++++ Listed records
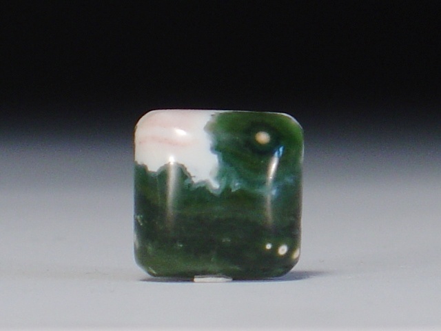 Dark green, white, and a touch of pink. Hard material from Madagascar.
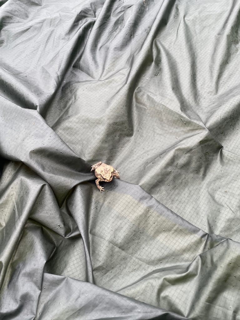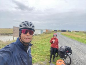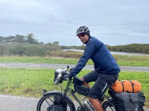 In der Nacht frischte der Wind deutlich auf und zeitweise hörte es sich an, als hätten wir unser Zelt unter einem Wasserfall aufgebaut. Die sehr erfreuliche Regenpause zum morgendlichen Zeltabbau war leider eben nur eine Pause, pünktlich zur Abfahrt durften wir uns zum ersten Mal an diesem Tag in Regenjacke, Regenhose und Überschuhe kleiden: ein weiterer Tag „Schokolade essen mit Petrus“ stand vor uns, das Spiel kennt ihr aus Kapitel 2 unseres Reiseberichts, als so wir auf dem Weg nach Norddeutschland waren, nur eben dass das an- und ausziehen aufwendiger war, weil jetzt drei Teile statt einem. Aber Poncho und Wind harmonieren nicht gut miteinander… Nach der 4. Runde hatten wir keine Lust mehr und behielten die Regenklamotten einfach an, in der Hoffnung, dass es dann nicht mehr regnen würde. Doof nur, wenn Petrus trotzig reagiert und den Hahn nochmal so richtig weit aufdreht und dann einfach extra lange offen lässt… Zur Abwechslung gab es dann anschließend überwiegend Sonne mit noch mehr Wind und Böen von bis zu 45km/h. Dabei wurde ein Vorteil von so richtig schwer beladenen Reiserädern deutlich: Sie reagieren extrem träge auf Seitenwind und so blieben wir auf der Straße bzw. konnten den Abstand zu den gewohnten eng überholenden Autos gut halten. Und im Vergleich zu einem leichten Sportrad wirkt sich Gegenwind auf die Fahrgeschwindigkeit beim schweren Reiserad auch nicht so gravierend aus, was es erträglicher macht 🤣. So war uns der heftige Gegenwind lieber als der Regen. Aber es geht natürlich auch beides gleichzeitig, wie wir noch erfahren durften. Macht dann Regen waagrecht von vorne… Wir schafften trotzdem 90km und der Atlantik war 3 Wochen nach unserem Start in Entringen nur noch 130km entfernt! Abends durften wir dann das erst mal unser Zelt mit Sturmleinen sichern und bei strömendem Regen im Zelt essen.
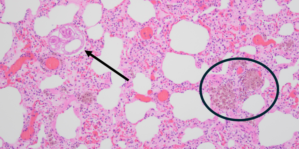 The badger died from peritonitis (inflammation of the abdominal lining) caused by the bacterium Streptococcus canis (S. canis). In addition, she had intestinal inflammation, mild heart problems, and fluid in the lungs (pulmonary oedema). Worms were also found in the lungs, which caused a mild pneumonia. Microscopic examination revealed a lungworm as well as inflammatory cells due to the inhalation of sand (see figure). Furthermore, this badger had skin inflammation on her abdomen caused by parasites such as fleas and possibly lice.
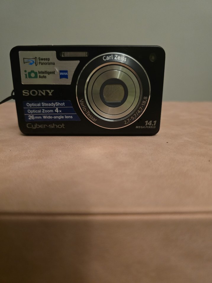 Sony Cyber-shot dijital kamera, 14.1 megapiksel sensör, Carl Zeiss lens, Optical SteadyShot görüntü sabitleme, 4x optik zoom ve 26mm geniş açı lens ile birlikte gelir. Sorunsuz calısıyor cok iyi durumda
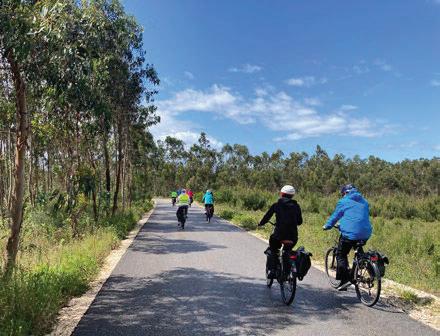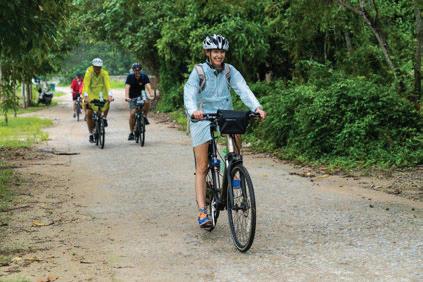 REISEUNTERLAGEN auf Wunsch die Belvelo-Trinkflasche, die Sie Wir weisen Sie darauf hin, dass Belvelo-Damit Sie sich intensiv und mit viel Vor-unterwegs immer wieder auffüllen lassen Reisen im Allgemeinen für Personen mit freude auf Ihre Belvelo-Reise vorbereiten können. eingeschränkter Mobilität nicht geeignet können, erhalten Sie mit den Reiseuntersind. Bitte sprechen Sie uns an, damit wir Sie lagen ausführliche Hintergrundinformatiounter Berücksichtigung Ihrer persönlichen nen, Reiseliteratur sowie auf Wunsch Ihre TEMPO Bedürfnisse individuell beraten können! persönliche Belvelo-Trinkflasche. Bei unseren Reisen steht das Erleben von Natur und Kultur im Vordergrund, nicht das Tempo oder die Jagd nach Rekorden. BesonNACHHALTIGKEIT SICHERHEIT ders schön an E-Bike-Reisen: Wenn es in Für uns nicht bloß ein Marketing-Trick, Die eingesetzten Räder entsprechen dem der Reisegruppe unterschiedliche körperlisondern Prinzip. Neben dem Wohlbefinden neusten technischen Stand und sind stets che Voraussetzungen gibt, spielt das E-Bike unserer Gäste haben wir auch stets das bestens gewartet. Eine ausführliche Ein-seinen großen Vorteil voll aus und sorgt Wohl unserer Umwelt und Mitmenschen weisung sorgt für einen intuitiv sicheren dafür, dass auch der Untrainierte mit der im Blick. So bestehen zum Beispiel die Umgang mit dem E-Bike und minimiert das Sportskanone im gleichen Tempo fährt und Innenseiten dieses Katalogs zu 100 % aus Unfallrisiko. Wir bitten Sie, für das Fahren auch noch Atem für einen Plausch bleibt! Recycling-Papier. Zertifiziert mit dem mit dem E-Bike Ihren eigenen Helm mitzuBlauen Engel. Abfall vermindern wir unter bringen. Sollten Sie keinen Fahrradhelm beanderem, indem wir Sie auf Wunsch mit der sitzen, geben Sie uns bitte Bescheid. Um auf TESTFAHRT wiederverwendbaren Belvelo-Trinkflasche unseren Reisen das höchstmögliche Maß Jeder, der radfahren kann, kommt in der Reausstatten, die Sie jederzeit wieder auffüllen an Sicherheit zu gewährleisten, empfehlen gel auch intuitiv mit einem E-Bike zurecht. (lassen) können. Last, but not least: Pro wir Ihnen ausdrücklich, einen Fahrradhelm Sie möchten auf Nummer sicher gehen? Reisegruppe spenden wir ein neues Fahrrad zu tragen. Dann machen wir Ihnen einen Vorschlag: für Schülerinnen und Schüler in ländlichen Mieten Sie bei Ihrem lokalen FahrradRegionen des südlichen Afrikas. Weitere Bitte berücksichtigen Sie, dass in einigen händler ein E-Bike, idealerweise von einem Informationen dazu finden Sie auf Seite 100. Ländern das Tragen eines Fahrradhelms Markenhersteller. Wenn Sie Feuer fangen Zudem arbeiten wir mit lokalen Partnern gesetzlich vorgeschrieben ist. und sich für eine Belvelo-Reise entscheiden, vor Ort zusammen, so dass ein Großteil verrechnen wir pro Reisegast pauschal 20 € des Reisepreises in den bereisten Ländern mit dem jeweiligen Reisepreis. Einfach bei ankommt. STRECKE der Buchung den E-Bike-Mietnachweis
++++++++
> **Problem statement**
Please transcribe the whole listing above exactly, with the images left out.

> **Answer to this task**
 Dark green, white, and a touch of pink. Hard material from Madagascar.
 In der Nacht frischte der Wind deutlich auf und zeitweise hörte es sich an, als hätten wir unser Zelt unter einem Wasserfall aufgebaut. Die sehr erfreuliche Regenpause zum morgendlichen Zeltabbau war leider eben nur eine Pause, pünktlich zur Abfahrt durften wir uns zum ersten Mal an diesem Tag in Regenjacke, Regenhose und Überschuhe kleiden: ein weiterer Tag „Schokolade essen mit Petrus“ stand vor uns, das Spiel kennt ihr aus Kapitel 2 unseres Reiseberichts, als so wir auf dem Weg nach Norddeutschland waren, nur eben dass das an- und ausziehen aufwendiger war, weil jetzt drei Teile statt einem. Aber Poncho und Wind harmonieren nicht gut miteinander… Nach der 4. Runde hatten wir keine Lust mehr und behielten die Regenklamotten einfach an, in der Hoffnung, dass es dann nicht mehr regnen würde. Doof nur, wenn Petrus trotzig reagiert und den Hahn nochmal so richtig weit aufdreht und dann einfach extra lange offen lässt… Zur Abwechslung gab es dann anschließend überwiegend Sonne mit noch mehr Wind und Böen von bis zu 45km/h. Dabei wurde ein Vorteil von so richtig schwer beladenen Reiserädern deutlich: Sie reagieren extrem träge auf Seitenwind und so blieben wir auf der Straße bzw. konnten den Abstand zu den gewohnten eng überholenden Autos gut halten. Und im Vergleich zu einem leichten Sportrad wirkt sich Gegenwind auf die Fahrgeschwindigkeit beim schweren Reiserad auch nicht so gravierend aus, was es erträglicher macht 🤣. So war uns der heftige Gegenwind lieber als der Regen. Aber es geht natürlich auch beides gleichzeitig, wie wir noch erfahren durften. Macht dann Regen waagrecht von vorne… Wir schafften trotzdem 90km und der Atlantik war 3 Wochen nach unserem Start in Entringen nur noch 130km entfernt! Abends durften wir dann das erst mal unser Zelt mit Sturmleinen sichern und bei strömendem Regen im Zelt essen.
 The badger died from peritonitis (inflammation of the abdominal lining) caused by the bacterium Streptococcus canis (S. canis). In addition, she had intestinal inflammation, mild heart problems, and fluid in the lungs (pulmonary oedema). Worms were also found in the lungs, which caused a mild pneumonia. Microscopic examination revealed a lungworm as well as inflammatory cells due to the inhalation of sand (see figure). Furthermore, this badger had skin inflammation on her abdomen caused by parasites such as fleas and possibly lice.
 Sony Cyber-shot dijital kamera, 14.1 megapiksel sensör, Carl Zeiss lens, Optical SteadyShot görüntü sabitleme, 4x optik zoom ve 26mm geniş açı lens ile birlikte gelir. Sorunsuz calısıyor cok iyi durumda
 REISEUNTERLAGEN auf Wunsch die Belvelo-Trinkflasche, die Sie Wir weisen Sie darauf hin, dass Belvelo-Damit Sie sich intensiv und mit viel Vor-unterwegs immer wieder auffüllen lassen Reisen im Allgemeinen für Personen mit freude auf Ihre Belvelo-Reise vorbereiten können. eingeschränkter Mobilität nicht geeignet können, erhalten Sie mit den Reiseuntersind. Bitte sprechen Sie uns an, damit wir Sie lagen ausführliche Hintergrundinformatiounter Berücksichtigung Ihrer persönlichen nen, Reiseliteratur sowie auf Wunsch Ihre TEMPO Bedürfnisse individuell beraten können! persönliche Belvelo-Trinkflasche. Bei unseren Reisen steht das Erleben von Natur und Kultur im Vordergrund, nicht das Tempo oder die Jagd nach Rekorden. BesonNACHHALTIGKEIT SICHERHEIT ders schön an E-Bike-Reisen: Wenn es in Für uns nicht bloß ein Marketing-Trick, Die eingesetzten Räder entsprechen dem der Reisegruppe unterschiedliche körperlisondern Prinzip. Neben dem Wohlbefinden neusten technischen Stand und sind stets che Voraussetzungen gibt, spielt das E-Bike unserer Gäste haben wir auch stets das bestens gewartet. Eine ausführliche Ein-seinen großen Vorteil voll aus und sorgt Wohl unserer Umwelt und Mitmenschen weisung sorgt für einen intuitiv sicheren dafür, dass auch der Untrainierte mit der im Blick. So bestehen zum Beispiel die Umgang mit dem E-Bike und minimiert das Sportskanone im gleichen Tempo fährt und Innenseiten dieses Katalogs zu 100 % aus Unfallrisiko. Wir bitten Sie, für das Fahren auch noch Atem für einen Plausch bleibt! Recycling-Papier. Zertifiziert mit dem mit dem E-Bike Ihren eigenen Helm mitzuBlauen Engel. Abfall vermindern wir unter bringen. Sollten Sie keinen Fahrradhelm beanderem, indem wir Sie auf Wunsch mit der sitzen, geben Sie uns bitte Bescheid. Um auf TESTFAHRT wiederverwendbaren Belvelo-Trinkflasche unseren Reisen das höchstmögliche Maß Jeder, der radfahren kann, kommt in der Reausstatten, die Sie jederzeit wieder auffüllen an Sicherheit zu gewährleisten, empfehlen gel auch intuitiv mit einem E-Bike zurecht. (lassen) können. Last, but not least: Pro wir Ihnen ausdrücklich, einen Fahrradhelm Sie möchten auf Nummer sicher gehen? Reisegruppe spenden wir ein neues Fahrrad zu tragen. Dann machen wir Ihnen einen Vorschlag: für Schülerinnen und Schüler in ländlichen Mieten Sie bei Ihrem lokalen FahrradRegionen des südlichen Afrikas. Weitere Bitte berücksichtigen Sie, dass in einigen händler ein E-Bike, idealerweise von einem Informationen dazu finden Sie auf Seite 100. Ländern das Tragen eines Fahrradhelms Markenhersteller. Wenn Sie Feuer fangen Zudem arbeiten wir mit lokalen Partnern gesetzlich vorgeschrieben ist. und sich für eine Belvelo-Reise entscheiden, vor Ort zusammen, so dass ein Großteil verrechnen wir pro Reisegast pauschal 20 € des Reisepreises in den bereisten Ländern mit dem jeweiligen Reisepreis. Einfach bei ankommt. STRECKE der Buchung den E-Bike-Mietnachweis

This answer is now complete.